● **What to produce**
From the line containing "第二步:然后将老姜放入榨汁机中打成姜汁,再将姜汁和红枣放入搅拌机中搅拌均匀。" down to the line containing "Aujourd’hui, nous avons", copy out the entries below exactly, both lines included, and nothing else; pictures do not belong in the copy.

● **Entries shown**
□ □ □ □ □ □ □
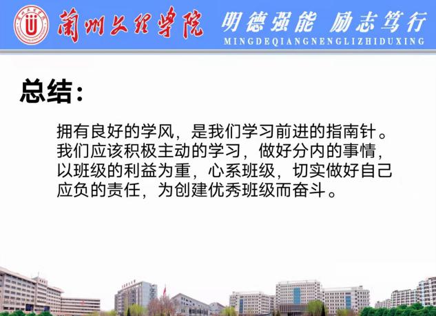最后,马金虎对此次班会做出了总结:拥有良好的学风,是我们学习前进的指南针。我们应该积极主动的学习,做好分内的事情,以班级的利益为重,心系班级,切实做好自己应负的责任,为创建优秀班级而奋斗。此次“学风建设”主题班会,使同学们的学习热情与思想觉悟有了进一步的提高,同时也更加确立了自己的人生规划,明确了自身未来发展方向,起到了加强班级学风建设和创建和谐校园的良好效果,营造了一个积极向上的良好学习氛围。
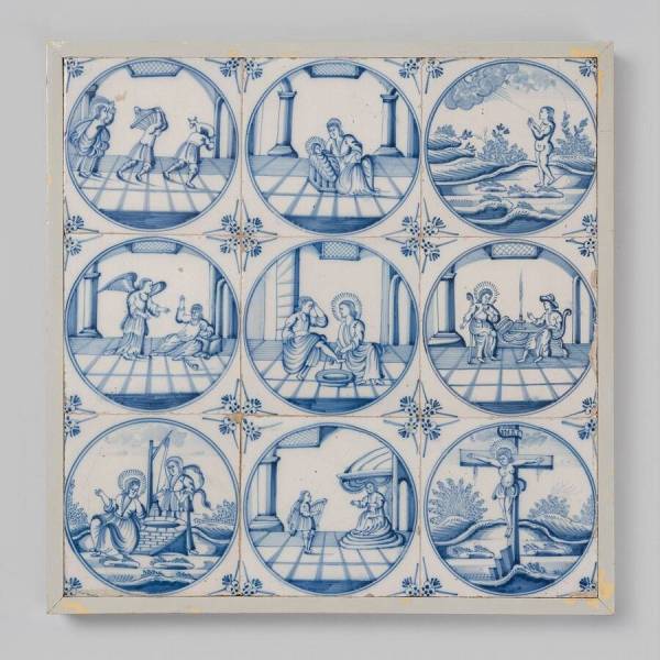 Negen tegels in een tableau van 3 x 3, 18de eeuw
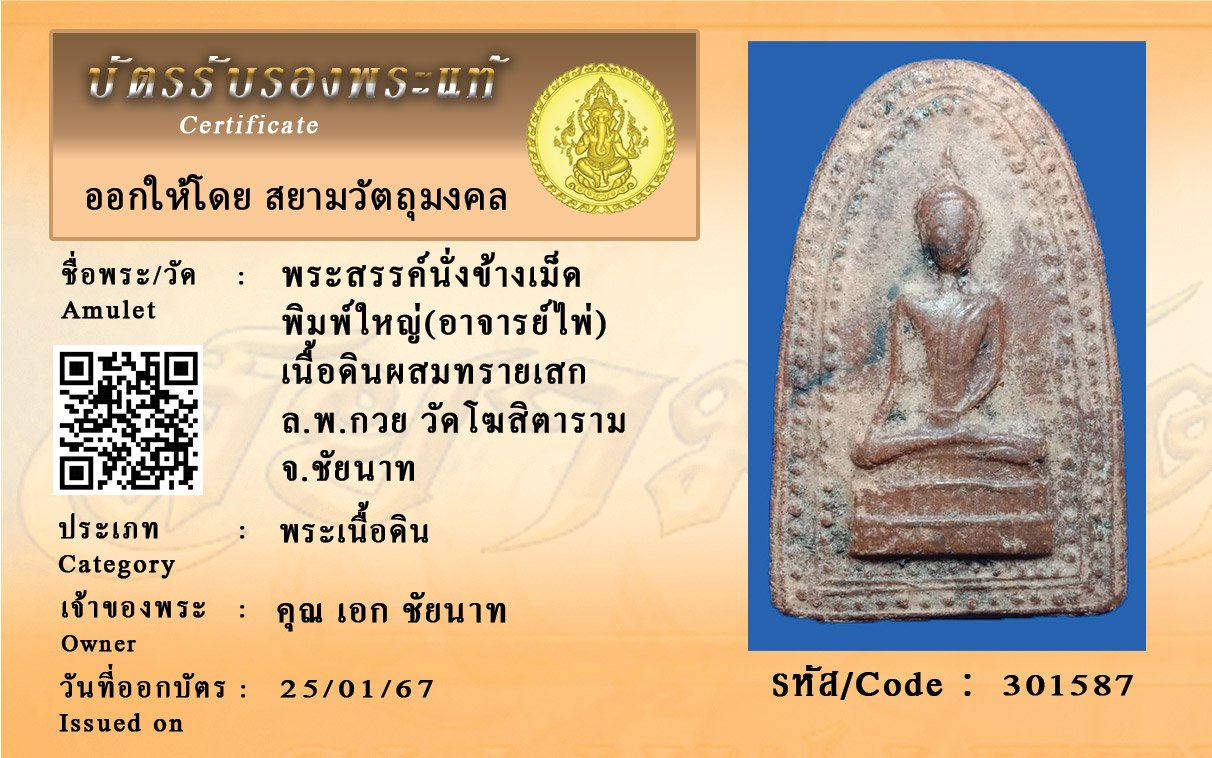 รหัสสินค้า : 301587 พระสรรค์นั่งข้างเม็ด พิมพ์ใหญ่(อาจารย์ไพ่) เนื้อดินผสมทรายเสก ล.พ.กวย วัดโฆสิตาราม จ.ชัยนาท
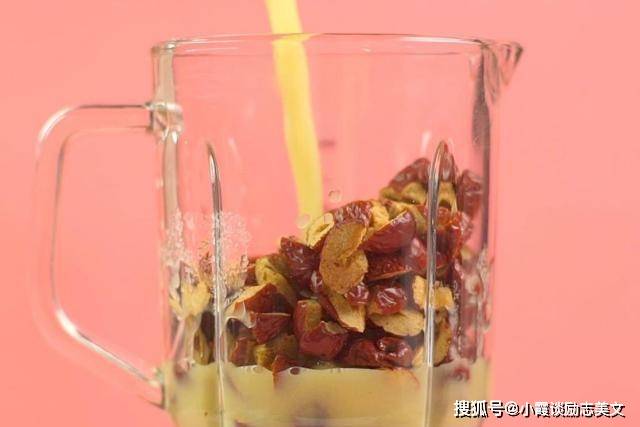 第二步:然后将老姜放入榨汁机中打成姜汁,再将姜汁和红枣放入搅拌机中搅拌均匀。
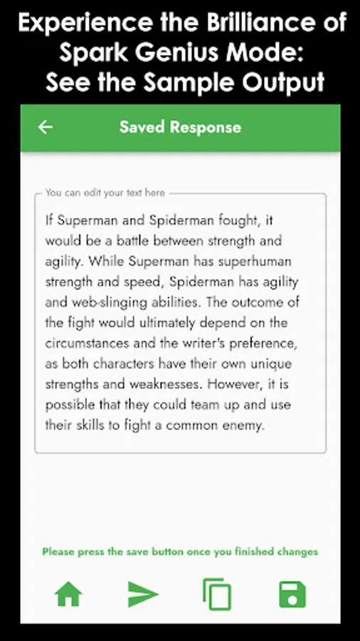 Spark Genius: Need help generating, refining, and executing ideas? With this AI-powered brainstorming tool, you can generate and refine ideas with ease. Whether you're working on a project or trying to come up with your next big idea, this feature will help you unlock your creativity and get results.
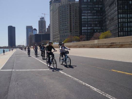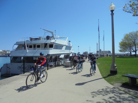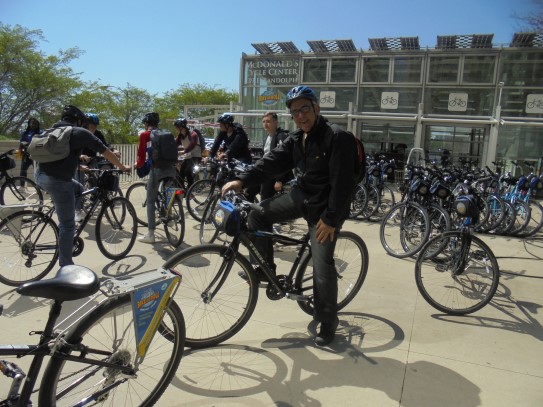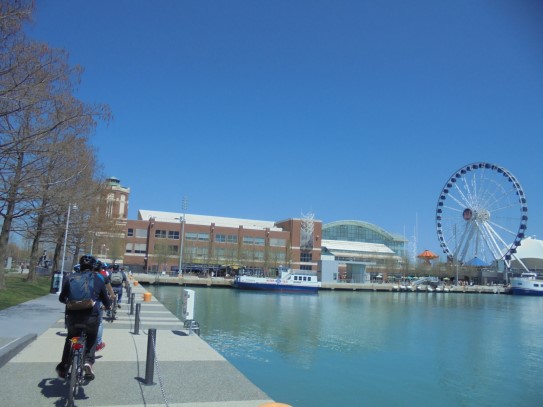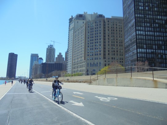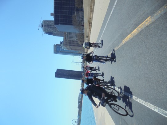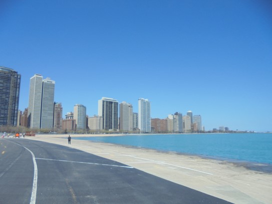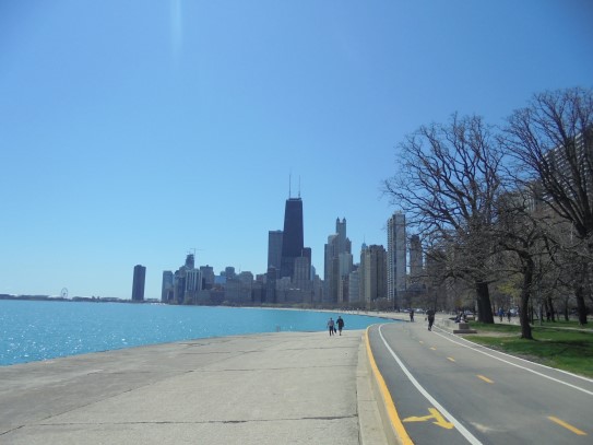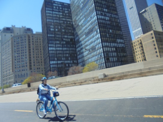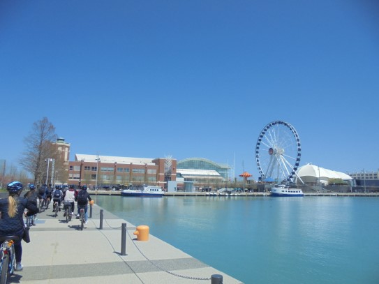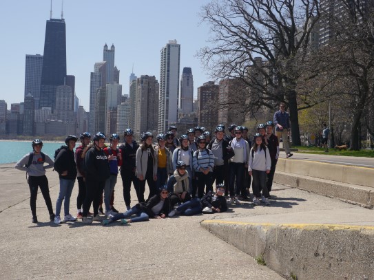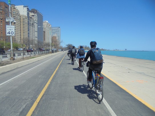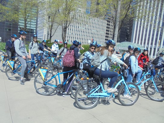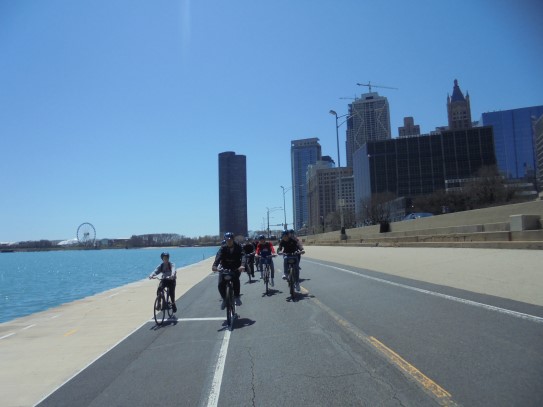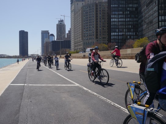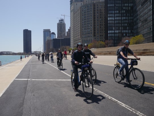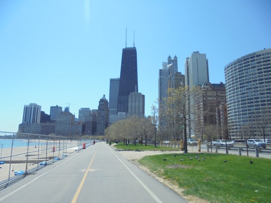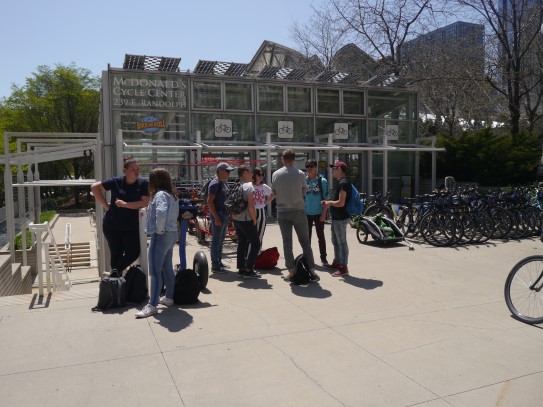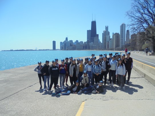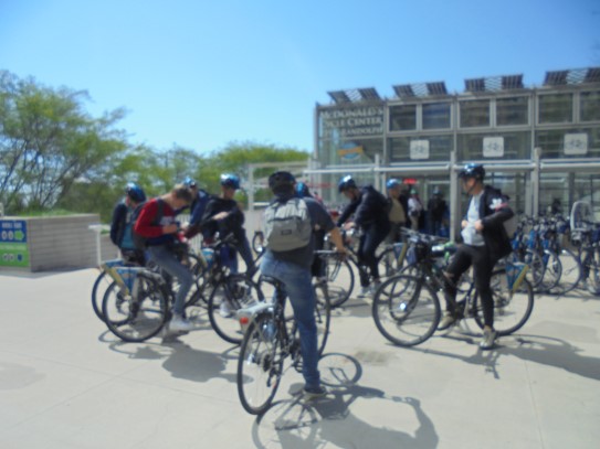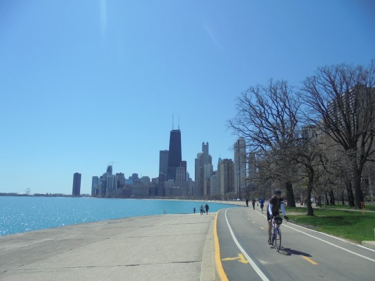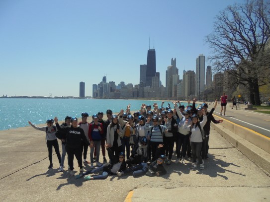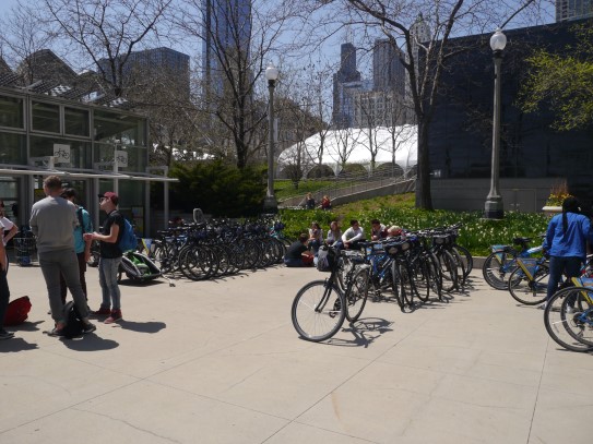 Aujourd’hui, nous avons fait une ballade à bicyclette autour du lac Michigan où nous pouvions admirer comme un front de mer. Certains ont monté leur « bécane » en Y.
□ □ □ □ □ □ □
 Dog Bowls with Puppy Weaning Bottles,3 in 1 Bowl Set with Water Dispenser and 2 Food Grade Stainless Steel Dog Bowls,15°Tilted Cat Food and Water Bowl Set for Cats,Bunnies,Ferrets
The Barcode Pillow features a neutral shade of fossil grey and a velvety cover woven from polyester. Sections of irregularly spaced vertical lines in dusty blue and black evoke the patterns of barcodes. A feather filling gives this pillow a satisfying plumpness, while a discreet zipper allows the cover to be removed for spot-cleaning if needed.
□ □ □ □ □ □ □
● **Completed task**
 第二步:然后将老姜放入榨汁机中打成姜汁,再将姜汁和红枣放入搅拌机中搅拌均匀。
 Spark Genius: Need help generating, refining, and executing ideas? With this AI-powered brainstorming tool, you can generate and refine ideas with ease. Whether you're working on a project or trying to come up with your next big idea, this feature will help you unlock your creativity and get results.
 Aujourd’hui, nous avons fait une ballade à bicyclette autour du lac Michigan où nous pouvions admirer comme un front de mer. Certains ont monté leur « bécane » en Y.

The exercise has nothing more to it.